:: DATASET RECORDS ::
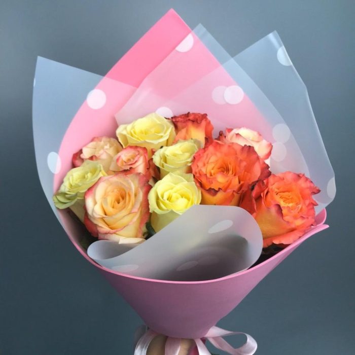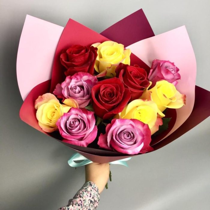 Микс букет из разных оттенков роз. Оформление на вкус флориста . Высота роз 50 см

---

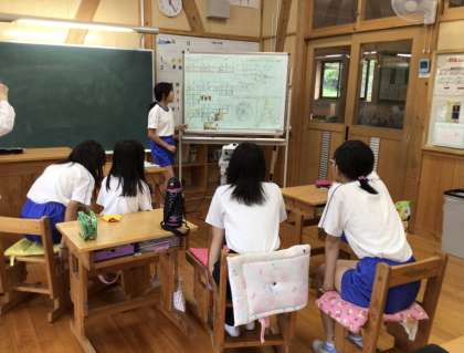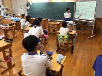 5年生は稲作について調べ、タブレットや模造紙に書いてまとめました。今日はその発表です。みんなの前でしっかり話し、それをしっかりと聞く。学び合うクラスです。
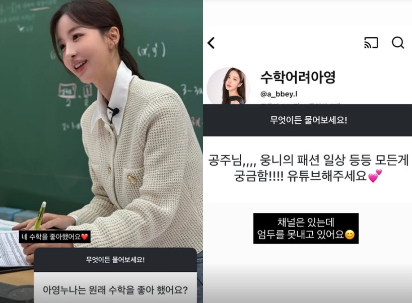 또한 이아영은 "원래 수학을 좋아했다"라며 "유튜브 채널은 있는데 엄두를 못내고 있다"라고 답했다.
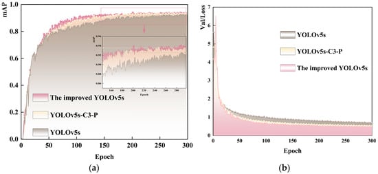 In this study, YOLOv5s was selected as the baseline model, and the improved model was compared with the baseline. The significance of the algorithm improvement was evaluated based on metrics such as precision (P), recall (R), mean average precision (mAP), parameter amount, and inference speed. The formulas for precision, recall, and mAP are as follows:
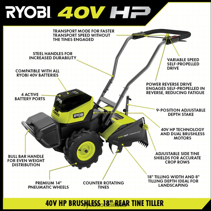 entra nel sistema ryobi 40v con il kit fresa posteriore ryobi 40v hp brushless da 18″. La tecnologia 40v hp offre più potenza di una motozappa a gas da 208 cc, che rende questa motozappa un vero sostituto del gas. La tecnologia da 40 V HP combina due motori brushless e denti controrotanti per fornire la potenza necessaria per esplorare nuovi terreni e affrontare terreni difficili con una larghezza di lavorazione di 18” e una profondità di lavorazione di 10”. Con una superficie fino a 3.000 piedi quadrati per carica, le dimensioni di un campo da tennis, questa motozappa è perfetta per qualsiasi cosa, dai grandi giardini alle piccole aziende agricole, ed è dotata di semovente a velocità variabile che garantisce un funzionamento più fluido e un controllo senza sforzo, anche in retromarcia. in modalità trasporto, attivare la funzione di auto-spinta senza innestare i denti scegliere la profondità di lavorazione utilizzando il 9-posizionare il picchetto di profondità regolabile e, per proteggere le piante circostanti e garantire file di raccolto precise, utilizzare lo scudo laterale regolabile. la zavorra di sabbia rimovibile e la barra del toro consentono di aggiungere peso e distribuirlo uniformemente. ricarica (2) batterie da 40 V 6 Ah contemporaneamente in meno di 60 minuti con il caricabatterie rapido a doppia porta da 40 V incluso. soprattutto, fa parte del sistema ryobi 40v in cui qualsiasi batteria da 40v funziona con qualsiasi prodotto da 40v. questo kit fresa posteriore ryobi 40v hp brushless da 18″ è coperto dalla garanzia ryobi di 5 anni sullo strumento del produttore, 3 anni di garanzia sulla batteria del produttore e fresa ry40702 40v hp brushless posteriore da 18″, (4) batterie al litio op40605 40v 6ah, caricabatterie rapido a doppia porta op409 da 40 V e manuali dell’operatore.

---

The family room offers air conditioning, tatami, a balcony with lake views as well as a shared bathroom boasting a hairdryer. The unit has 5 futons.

:: TASK DIRECTIONS ::
Please repeat, exactly as written, the lines in the records above, starting with the one that has "채널은 있는데 엄두를" and going on through the one that has "In this study, YOLOv5s". Pictures are to be left out.

:: TASK OUTPUT ::
 또한 이아영은 "원래 수학을 좋아했다"라며 "유튜브 채널은 있는데 엄두를 못내고 있다"라고 답했다.
 In this study, YOLOv5s was selected as the baseline model, and the improved model was compared with the baseline. The significance of the algorithm improvement was evaluated based on metrics such as precision (P), recall (R), mean average precision (mAP), parameter amount, and inference speed. The formulas for precision, recall, and mAP are as follows:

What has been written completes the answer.